Emanuel Steward is in accord, saying, “Mixed martial arts is too brutal, too ugly. There’s nothing beautiful about it, like a nice jab in boxing. A few years back, they invited me to watch a UFC event. But with people getting kicked in the head and punched on the ground, I walked out after the third bout. It was sickening.”

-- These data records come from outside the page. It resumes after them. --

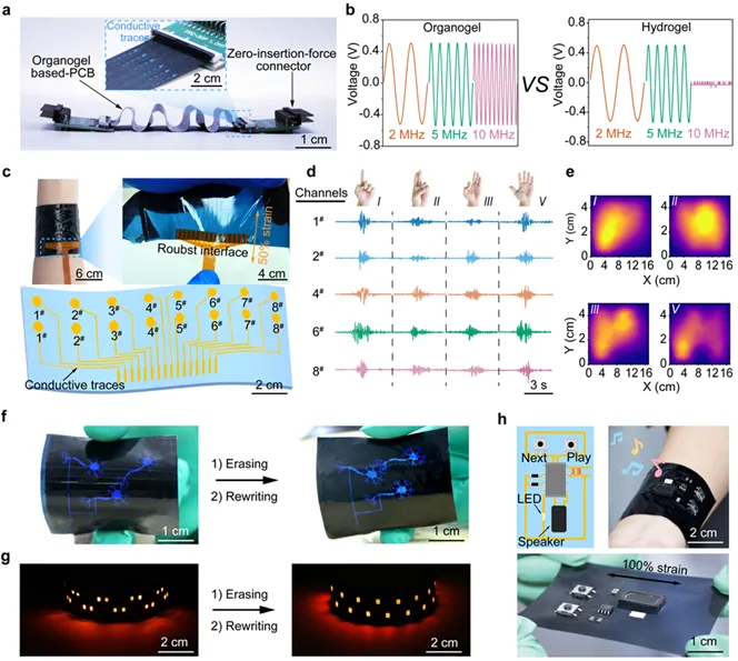 (2)水凝胶电子腕带,用于高保真肌电信号采集与手势识别:导电凝胶电路可与传统刚性电路板实现稳定互连,并在反复插拔条件下保持可靠的电学性能,且凝胶腕带能够实现高信噪比的生物电信号采集,并在形变和复杂环境下维持稳定工作。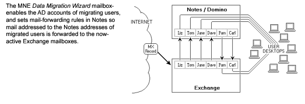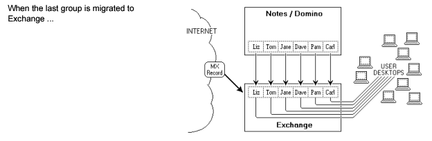 Users in this scenario are migrated in a series of collections (user groups) over a period of weeks, so you will require an email coexistence strategy that permits mail-forwarding throughout the transition period—when some users have already been migrated to Exchange while others wait their turn back in Domino. If you choose the SMTP method of mail-routing and want a single-domain approach, you would configure a smart host for each environment. (All of the coexistence methods and their alternatives are summarized in the Migrator for Notes to Exchange Pre-Migration Planning Guide.) When the SMTP mail-routing is configured, you modify the MX (Mail eXchange) record to direct external (Internet) mail to the Exchange environment. Since no users are yet migrated but all users are provisioned and mail-enabled in Active Directory, for now all inbound Internet mail is routed back to the corresponding Notes mailboxes.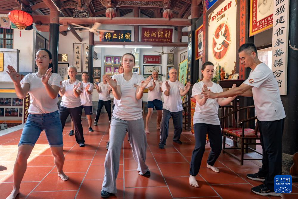 连日来,来自德国的11名永春白鹤拳弟子,不远万里,到福建省泉州市永春县五里街镇翁公祠武术馆溯源寻根,习练永春白鹤拳。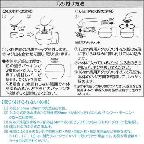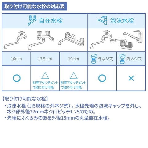 取り付けがラク!泡沫水栓のネジ部分にはめるだけ!16mm丸型自在水栓にも、アタッチメント使用で固定が可能。

I guess I understand him, spending your whole life devoted to boxing, it must be hard to separate MMA from street fighting, especially if little effort is given to do it. Even though some of the stuff he said does sound pretty obviously wrong.
I disagree with him, but im not going to be like, what a fuckin idiot!


----------



## mma17 (Jun 4, 2007)

The thing that I don't understand is that when people look at each aspect of the MMA game individually they don't have a problem with it. Such as if someone looks just at boxing. They say, oh thats not brutal. Or the wrestling aspect. Or if they just look at the jiu jitsu or judo, kickboxing, or soley the muy thai. Individually to them it's ok but once you put it all together they hate it. They say it's brutal. I've never understood that. Especially with all the rules sanctioned events have now.


----------



## kds13 (Nov 27, 2006)

Yeah, GMW, if someone devotes their life to boxing, it would be hard for them to separate MMA and street fighting.


----------



## GMW (Nov 15, 2006)

kds13 said:


> Yeah, GMW, if someone devotes their life to boxing, it would be hard for them to separate MMA and street fighting.

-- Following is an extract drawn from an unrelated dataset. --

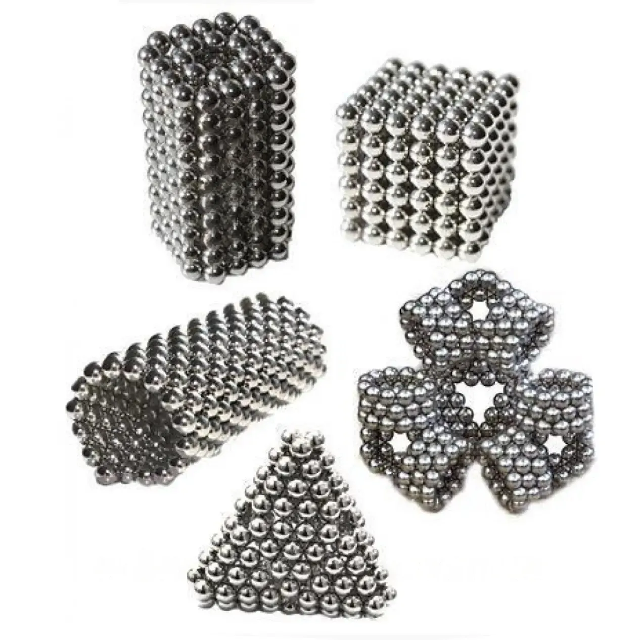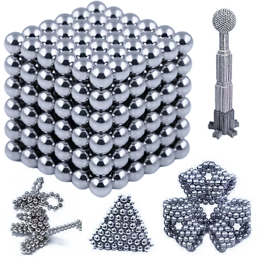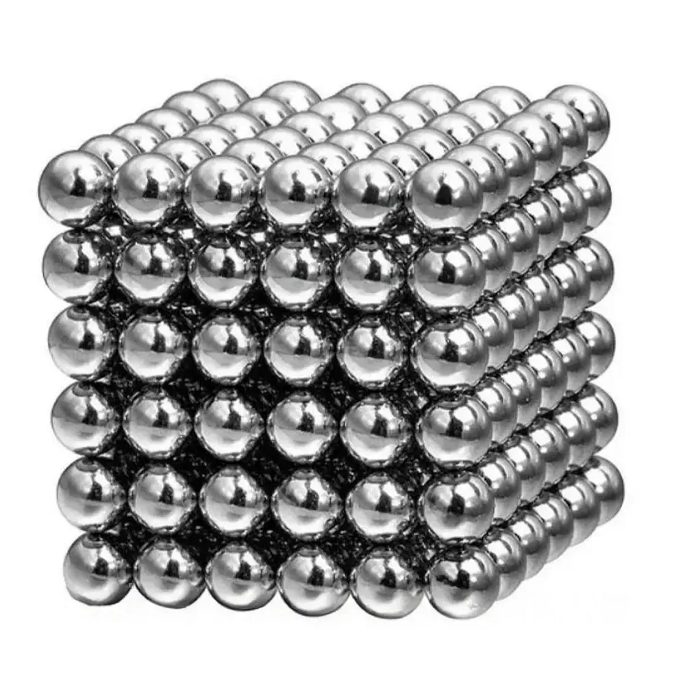 Неокуб состоит из 216-ти сильно намагниченных шариков из сплава Nd14Fe21B (неодим – редкоземельный металл с высокой и долговременной магнитной устойчивостью), с намагниченностью N38 и диаметром 5 мм. Из этих шариков можно создавать любые фигуры и узоры – от классических форм (куб, пирамида, шар) до сложных абстрактных композиций.

Well... I mean, I'll be more specific. Ok, so these boxing coaches, promoters and fighter spends their lives thinking (and training) the only real fighting SPORT is one that only uses hands because things like kicks, stomps, etc do not take as much skill and are too close to a street fight. Even though it’s regulated and watched carefully, all he would see in an MMA match is two fighters going at it using all the techniques he always thought were, barbaric. And because of the way MMA started out they probably think there is no reason to give the current incarnation of MMA a shot. It’s not that boxing people can’t separate it, most do I’m sure, but they don’t see the point in changing their opinions of the original form of MMA.
Or maybe they are just trying to hype boxing, but that’s just my guess on why they are so against MMA and I’d hope it’s a little deeper then just, it’s a threat to boxing.


----------



## Sinister (Nov 19, 2007)

I see where the guy is coming from, a lot of boxing fans (old and new) don't dig MMA. Pretty much they all revolve it around being to much like street fighting. A lot of my brothers Tai-Kwon-Do(Sp?) buddies don't like it either. Some just don't care for it, others feel putting one martial arts against each other is just exploiting them for entertainment for the wrong reasons.


----------



## Terry77 (Jan 5, 2007)

Steward is a classy guy and a devoted man to boxing. I don't like him calling it ugly,but a lot of people still don't understand the ground game and can't comprehend why you can stike to the head on the ground.


----------